Ce qu’il faut retenir de la session de Yaoundé
Réunie à Yaoundé, la Banque de développement des États de l’Afrique centrale a officialisé un renforcement décisif de sa trésorerie. Le dégel de son compte courant par la BEAC, couplé à de nouveaux engagements de partenaires techniques et financiers, change l’échelle de son intervention dans les six pays de la CEMAC.
BEAC : le robinet de liquidités se rouvre
La Banque des États de l’Afrique centrale a débloqué le compte courant d’associés de la BDEAC, longtemps contraint par des exigences prudentielles. Ce geste, salué par les administrateurs, augmente immédiatement la marge de manœuvre de l’institution, qui peut réallouer ces fonds à des prêts déjà au pipeline.
Afflux de bailleurs internationaux
En parallèle, la Banque a sécurisé des ressources additionnelles auprès d’agences de développement et de banques multilatérales. D’après Dieudonné Evou Mekou, ces négociations « ouvrent la porte à des lignes de crédit dédiées aux infrastructures vertes et à l’inclusion financière », deux priorités régionales affichées depuis le sommet de Brazzaville de 2022.
Une gouvernance interne modernisée
Les administrateurs ont adopté la nouvelle Charte d’audit interne. Ce document harmonise les procédures avec les standards de la Banque mondiale et de la BAD, renforce la traçabilité des décisions et limite les risques opérationnels. « Nous gagnons en crédibilité auprès des marchés », a expliqué Louis-Paul Motaze en clôture.
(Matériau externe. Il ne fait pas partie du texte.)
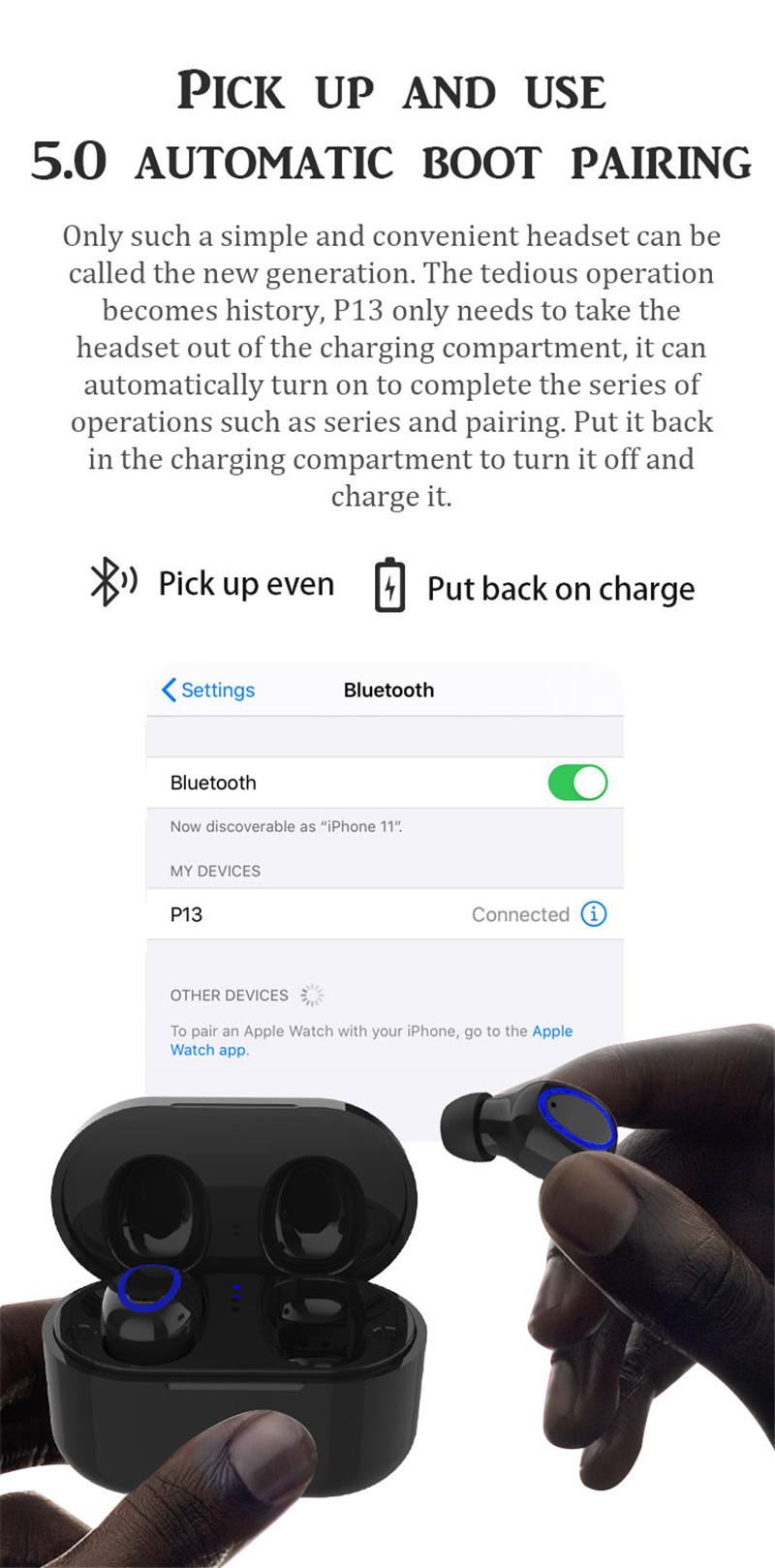 2: автоматически включается, когда крышка открывается, и вы можете непосредственно найти ссылку на имя сопряжения Bluetooth после открытия крышки. Супер сильный сигнал, диапазон подключения до 15 м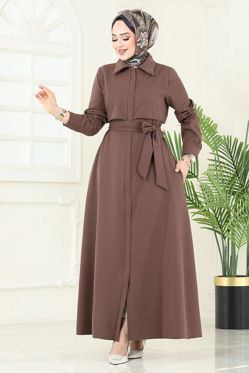 Product Feature : It is a new season hijab fashion product. The product has a Shirt collar. Unlined. The product has a zipper at the From the front part. Belt included, optional not available. Accessories are not included. Pocket available. Cuff buttons are active. There may be a tonal difference in the product due to concept photo shoots.

Le texte met l’accent sur la conformité ESG et la lutte contre le blanchiment. Il intègre un suivi trimestriel automatisé des projets, une première pour une institution financière de la sous-région, selon le département Risques.
Zoom sur les retombées pour le Congo-Brazzaville
Pour Brazzaville, cette nouvelle capacité se traduit par l’accélération de trois dossiers phares : la modernisation du corridor routier Pointe-Noire-Ouesso, l’extension du réseau électrique Nord-Sud et la mise à niveau des zones industrielles d’Ignié. Le ministère congolais de l’Économie évoque un « levier essentiel pour la diversification ».
Selon une source interne, la BDEAC envisage d’y consacrer près de 200 millions d’euros sur les deux prochaines années, combinant prêts concessionnels et co-financements privés.
Impact macroéconomique pour la sous-région
Les simulations de la direction des Études montrent qu’un décaissement supplémentaire de 500 millions d’euros pourrait ajouter 0,4 point de croissance annuelle au PIB cumulé de la CEMAC sur 2024-2026. Les secteurs transport, énergie et agro-industrie concentreraient 70 % des retombées.
Les PME devraient bénéficier de programmes de garantie couvrant jusqu’à 60 % des prêts bancaires. Cette approche complète les récentes réformes du climat des affaires défendues par les gouvernements, dont celui du Congo.
Le point juridique/éco
La révision de la Charte d’audit ancre la BDEAC dans un cadre conforme aux normes IFRS et ISO 37001 sur l’anti-corruption. Pour les États, le mouvement réduit le coût d’emprunt de près de 30 points de base sur les guichets concessionnels, un avantage non négligeable au regard des tensions budgétaires.
Scénarios à l’horizon 2025
Scénario de base : la Banque mobilise la totalité des engagements promis, portant son portefeuille actif à 2,5 milliards d’euros. Les projets routiers et énergétiques avancent dans les délais, tirés par la stabilité macroéconomique et la hausse des matières premières.
Scénario optimiste : un syndicat bancaire asiatique rejoint le tour de table et double presque la capacité de prêt. Les États réalisent leurs contreparties et la BDEAC émet son premier green bond régional, attirant la diaspora.
Scénario prudentiel : des retards administratifs freinent les décaissements et l’inflation importée réduit les marges des entreprises. La charte d’audit limite néanmoins les risques de dérapage, préservant la note de crédit.
Et après ? Les chantiers prioritaires
Les administrateurs ont mandaté la direction pour finaliser, d’ici décembre, une plateforme numérique de suivi de projet accessible aux ministères et au public. La transparence devrait rassurer investisseurs et populations.
Un accent particulier sera mis sur l’intégration du secteur privé. Des facilities dédiées aux start-ups congolaises du numérique sont envisagées, en phase avec la stratégie nationale de transformation digitale soutenue par le président Denis Sassou Nguesso.
Enfin, la Banque prépare un indice trimestriel de développement sous-régional qui mesurera l’impact direct de chaque financement sur l’emploi et le climat. Un outil appelé à guider politiques publiques et business plans.